Les USA reprennent donc l’affaire en 1903. Appuyés par quelques destroyers, ils commencent par retirer Panama de sa tutelle colombienne. Naissance d’une nation coupée en deux par un canal qui demeure sous l’autorité exclusive des Etats-Unis. Un protectorat. Les travaux reprennent. Personne ne peut dire s’ils coûtèrent la vie à 6 000 ou plutôt à 20 000 ouvriers. Enfin, le canal est percé, les Etats-Unis gèrent. Trop stratégique pour être livré à des mains incertaines. Bien plus tard, le Panama réclame la restitution de « son » canal, souveraineté et administration. Victoire, en 1999 ! Le prix du franchissement va vite doubler. Au terme des accords de rétrocession, des conseillers américains restent sur place et les bateaux porteurs de la bannière étoilée gardent la priorité absolue pour passer.

 

14h45

L’écluse Pedro Miguel

 En 1 400 mètres, elle permet d’effacer un dénivelé de 9,50 mètres. Juste à côté, on voit le nouveau canal doté d’installations ultra-modernes, c’est celui des cargos sans fin, de véritables immeubles sur mer, hauts d’une dizaine d’étages. Par référendum en 2006, les Panaméens ont voté à 78% pour le lancement des travaux. Budget final : 5,2 milliards de dollars et la promesse d’un avenir radieux, malgré la menace d’un concurrent financé par les Chinois à travers le Nicaragua voisin, malgré le réchauffement climatique qui ouvre les routes du pôle Nord, malgré la pression des écologistes, malgré les tenants du ralentissement et de la déconsommation, malgré… Aujourd’hui, 5% du commerce mondial transite par Panama. Deux catamarans blancs passent devant Widukind. Ces Californiens ont écumé ensemble les perles des Caraïbes. Pour certains, la vie semble plus douce. Eux aussi ont dû embarquer un pilote pour passer.
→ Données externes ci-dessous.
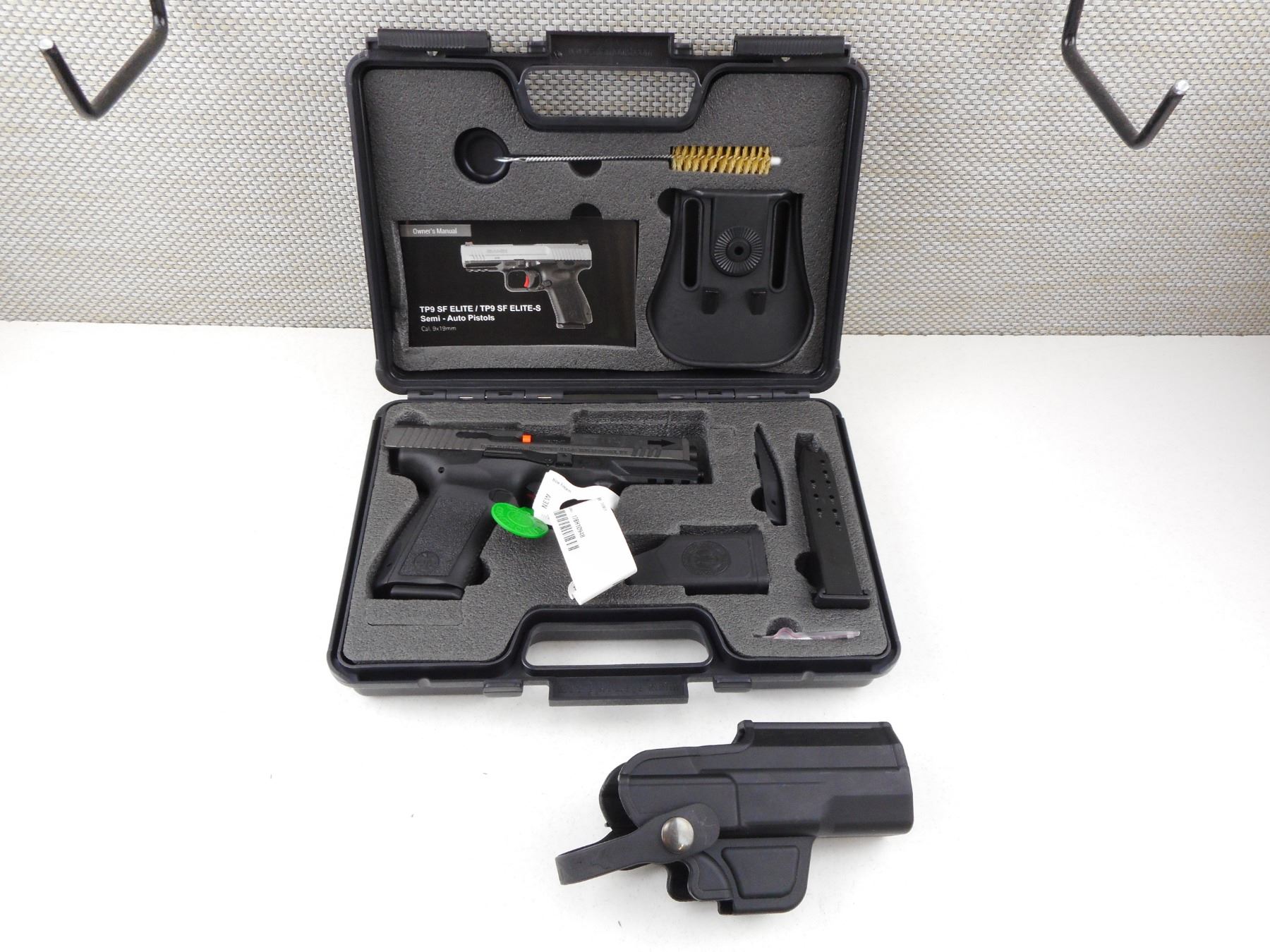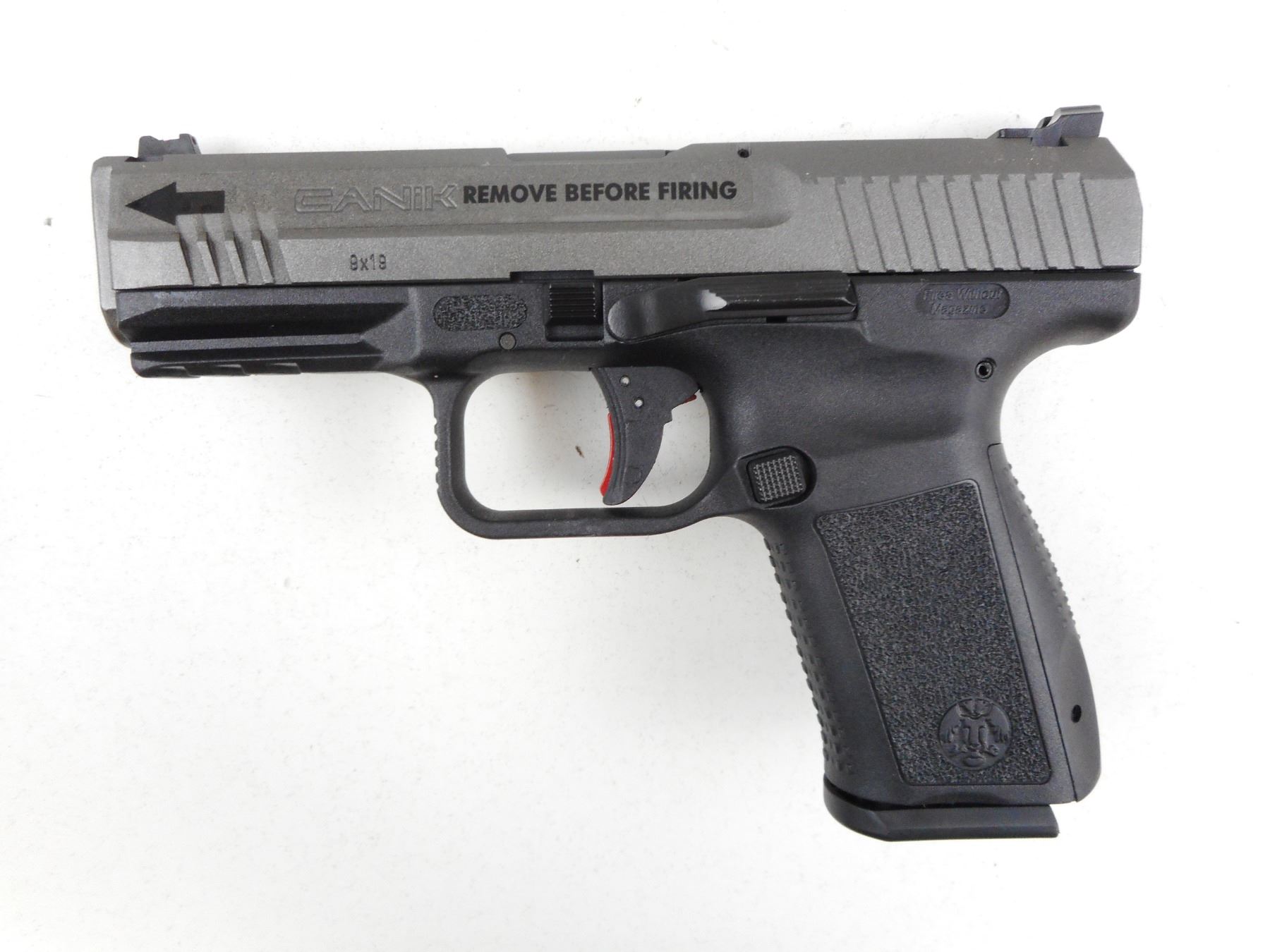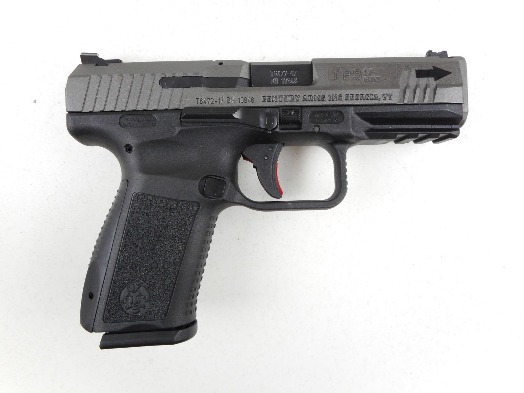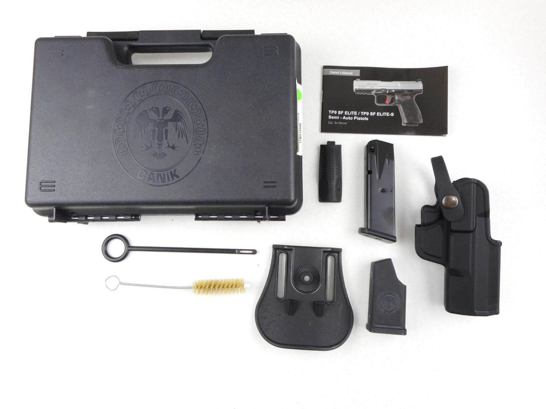 CANIK , MODEL: TP9 SF ELITE , CALIBER: 9MM LUGER , COMES WITH CASE, 2 MAGAZINES, MANUAL, AND ACCESSORY, 10 SHOT CAPACITY, FIBER OPTIC FRONT AND ADJUSTABLE REAR SIGHTS, TEXTURED SYNTHETIC GRIPS, AMBI SLIDE RELEASE, AS NEW , ACTION: SEMI AUTOMATIC HANDGUN , BARREL LENGTH: 114MM , CONDITION: 9/10 , STOCK # R3008 , SERIAL # 17BH10948 , CLASS: CANADIAN RESTRICTED CLASS

Au fil du lac de Miraflores (1 700 mètres), Widukind se dirige vers la dernière écluse que signalent deux bâtiments. Côté tribord, blanc immaculé, l’ancien, celui du contrôle, style architectural impeccable. Il a vu passer des milliers de bateaux, yachts, cargos, vapeurs, voiliers, cuirassiers et même des sous-marins. De l’autre côté de l’écluse, un immeuble de 4-étages années 2000. Il abrite un restaurant avec baies vitrées et terrasses. Les touristes, nez sur l’écluse, adorent. Une horreur dans le paysage. Il semblait tellement simple de dupliquer le bâtiment initial qui lui fait face. Amical salut des spectateurs. La plupart ont coiffé le panama, gloire du pays, trésor des vendeurs qui arpentent les ruelles pavées de Casco Viejo, le centre historique de la capitale. Une injustice. Le couvre-chef en feuilles de palmier tressées, teinture crème et ruban noir, souple et indéformable, fut inventé en Equateur. Les ouvriers du canal l’adoptèrent en masse, il y trouva son nom.

 

16h10

L’écluse de Miraflores

 Le jour décline, les locomotives sont à poste, câbles tendus, le pilote donne ses ordres, téléphone dans une main, talkie dans l’autre, regard collé à son écran GPS, « un bijou à 10 000 dollars » confie-t-il non sans fierté. Widukind est installé dans la cale, les lourdes portes se ferment, l’eau se retire pour permettre en deux étapes un bond de 16,50 mètres, le différentiel des niveaux. Une ultime patience avant d’apercevoir les bleus du Pacifique. Grace au canal, les capitaines du XXème siècle ont savouré la griserie de rallier New York à San Francisco (9 500 kilomètres) en une dizaine de jours, contre le bon mois que réclamait auparavant la route du Horn plein sud et ses 25 000 kilomètres. Pour les marins panaméens montés à bord, ce grand œuvre n’est qu’un décor de routine. Leur boulot s’achève. Ils appellent la maison, le retour approche.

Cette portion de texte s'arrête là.